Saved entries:
"""

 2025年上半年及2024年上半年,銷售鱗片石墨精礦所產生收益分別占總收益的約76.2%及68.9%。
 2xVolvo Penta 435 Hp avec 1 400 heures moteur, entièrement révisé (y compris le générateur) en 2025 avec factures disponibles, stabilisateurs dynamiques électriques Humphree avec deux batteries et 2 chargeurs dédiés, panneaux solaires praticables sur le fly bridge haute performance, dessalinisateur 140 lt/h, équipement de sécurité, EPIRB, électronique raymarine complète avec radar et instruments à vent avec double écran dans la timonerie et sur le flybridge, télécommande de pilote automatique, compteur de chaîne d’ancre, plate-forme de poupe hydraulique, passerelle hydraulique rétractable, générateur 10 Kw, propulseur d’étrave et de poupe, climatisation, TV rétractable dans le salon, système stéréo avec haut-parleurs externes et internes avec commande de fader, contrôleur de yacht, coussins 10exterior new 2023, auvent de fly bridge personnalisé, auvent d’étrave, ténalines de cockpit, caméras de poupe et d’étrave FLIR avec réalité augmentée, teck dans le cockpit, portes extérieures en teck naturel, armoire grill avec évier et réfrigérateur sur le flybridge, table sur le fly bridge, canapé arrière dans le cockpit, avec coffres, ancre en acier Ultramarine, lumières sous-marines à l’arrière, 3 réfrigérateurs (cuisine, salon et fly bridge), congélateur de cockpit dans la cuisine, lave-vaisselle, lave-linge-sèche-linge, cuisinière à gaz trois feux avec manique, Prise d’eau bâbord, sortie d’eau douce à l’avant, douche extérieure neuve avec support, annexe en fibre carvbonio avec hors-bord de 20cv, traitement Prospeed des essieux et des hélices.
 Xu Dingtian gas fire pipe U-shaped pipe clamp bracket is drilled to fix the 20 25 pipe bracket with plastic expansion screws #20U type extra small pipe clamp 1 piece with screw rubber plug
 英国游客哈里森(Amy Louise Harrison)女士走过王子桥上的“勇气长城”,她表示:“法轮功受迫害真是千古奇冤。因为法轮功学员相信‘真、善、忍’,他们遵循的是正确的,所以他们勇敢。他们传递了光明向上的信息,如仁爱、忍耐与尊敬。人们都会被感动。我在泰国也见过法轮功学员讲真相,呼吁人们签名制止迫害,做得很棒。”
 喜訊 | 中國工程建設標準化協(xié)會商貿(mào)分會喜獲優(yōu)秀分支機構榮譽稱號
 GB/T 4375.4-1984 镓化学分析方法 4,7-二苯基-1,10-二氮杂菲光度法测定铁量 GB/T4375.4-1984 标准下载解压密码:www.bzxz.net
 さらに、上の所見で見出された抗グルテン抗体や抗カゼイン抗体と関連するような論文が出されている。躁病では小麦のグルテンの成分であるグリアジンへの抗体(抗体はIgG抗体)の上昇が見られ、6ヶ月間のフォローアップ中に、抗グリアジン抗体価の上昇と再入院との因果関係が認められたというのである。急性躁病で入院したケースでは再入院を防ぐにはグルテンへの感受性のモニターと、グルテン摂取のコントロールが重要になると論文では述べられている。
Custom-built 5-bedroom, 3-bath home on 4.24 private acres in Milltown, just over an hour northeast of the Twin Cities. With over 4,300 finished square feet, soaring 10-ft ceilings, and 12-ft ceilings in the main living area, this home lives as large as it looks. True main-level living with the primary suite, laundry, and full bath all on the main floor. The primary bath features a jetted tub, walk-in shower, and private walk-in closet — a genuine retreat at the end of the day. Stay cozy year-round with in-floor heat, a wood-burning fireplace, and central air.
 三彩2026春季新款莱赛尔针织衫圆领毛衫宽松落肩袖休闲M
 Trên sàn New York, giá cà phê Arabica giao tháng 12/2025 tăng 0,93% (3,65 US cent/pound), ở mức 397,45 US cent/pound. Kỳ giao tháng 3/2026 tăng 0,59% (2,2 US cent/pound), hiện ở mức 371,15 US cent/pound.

"""

Reproduce all the records, exactly and in full.

 2025年上半年及2024年上半年,銷售鱗片石墨精礦所產生收益分別占總收益的約76.2%及68.9%。
 2xVolvo Penta 435 Hp avec 1 400 heures moteur, entièrement révisé (y compris le générateur) en 2025 avec factures disponibles, stabilisateurs dynamiques électriques Humphree avec deux batteries et 2 chargeurs dédiés, panneaux solaires praticables sur le fly bridge haute performance, dessalinisateur 140 lt/h, équipement de sécurité, EPIRB, électronique raymarine complète avec radar et instruments à vent avec double écran dans la timonerie et sur le flybridge, télécommande de pilote automatique, compteur de chaîne d’ancre, plate-forme de poupe hydraulique, passerelle hydraulique rétractable, générateur 10 Kw, propulseur d’étrave et de poupe, climatisation, TV rétractable dans le salon, système stéréo avec haut-parleurs externes et internes avec commande de fader, contrôleur de yacht, coussins 10exterior new 2023, auvent de fly bridge personnalisé, auvent d’étrave, ténalines de cockpit, caméras de poupe et d’étrave FLIR avec réalité augmentée, teck dans le cockpit, portes extérieures en teck naturel, armoire grill avec évier et réfrigérateur sur le flybridge, table sur le fly bridge, canapé arrière dans le cockpit, avec coffres, ancre en acier Ultramarine, lumières sous-marines à l’arrière, 3 réfrigérateurs (cuisine, salon et fly bridge), congélateur de cockpit dans la cuisine, lave-vaisselle, lave-linge-sèche-linge, cuisinière à gaz trois feux avec manique, Prise d’eau bâbord, sortie d’eau douce à l’avant, douche extérieure neuve avec support, annexe en fibre carvbonio avec hors-bord de 20cv, traitement Prospeed des essieux et des hélices.
 Xu Dingtian gas fire pipe U-shaped pipe clamp bracket is drilled to fix the 20 25 pipe bracket with plastic expansion screws #20U type extra small pipe clamp 1 piece with screw rubber plug
 英国游客哈里森(Amy Louise Harrison)女士走过王子桥上的“勇气长城”,她表示:“法轮功受迫害真是千古奇冤。因为法轮功学员相信‘真、善、忍’,他们遵循的是正确的,所以他们勇敢。他们传递了光明向上的信息,如仁爱、忍耐与尊敬。人们都会被感动。我在泰国也见过法轮功学员讲真相,呼吁人们签名制止迫害,做得很棒。”
 喜訊 | 中國工程建設標準化協(xié)會商貿(mào)分會喜獲優(yōu)秀分支機構榮譽稱號
 GB/T 4375.4-1984 镓化学分析方法 4,7-二苯基-1,10-二氮杂菲光度法测定铁量 GB/T4375.4-1984 标准下载解压密码:www.bzxz.net
 さらに、上の所見で見出された抗グルテン抗体や抗カゼイン抗体と関連するような論文が出されている。躁病では小麦のグルテンの成分であるグリアジンへの抗体(抗体はIgG抗体)の上昇が見られ、6ヶ月間のフォローアップ中に、抗グリアジン抗体価の上昇と再入院との因果関係が認められたというのである。急性躁病で入院したケースでは再入院を防ぐにはグルテンへの感受性のモニターと、グルテン摂取のコントロールが重要になると論文では述べられている。
Custom-built 5-bedroom, 3-bath home on 4.24 private acres in Milltown, just over an hour northeast of the Twin Cities. With over 4,300 finished square feet, soaring 10-ft ceilings, and 12-ft ceilings in the main living area, this home lives as large as it looks. True main-level living with the primary suite, laundry, and full bath all on the main floor. The primary bath features a jetted tub, walk-in shower, and private walk-in closet — a genuine retreat at the end of the day. Stay cozy year-round with in-floor heat, a wood-burning fireplace, and central air.
 三彩2026春季新款莱赛尔针织衫圆领毛衫宽松落肩袖休闲M
 Trên sàn New York, giá cà phê Arabica giao tháng 12/2025 tăng 0,93% (3,65 US cent/pound), ở mức 397,45 US cent/pound. Kỳ giao tháng 3/2026 tăng 0,59% (2,2 US cent/pound), hiện ở mức 371,15 US cent/pound.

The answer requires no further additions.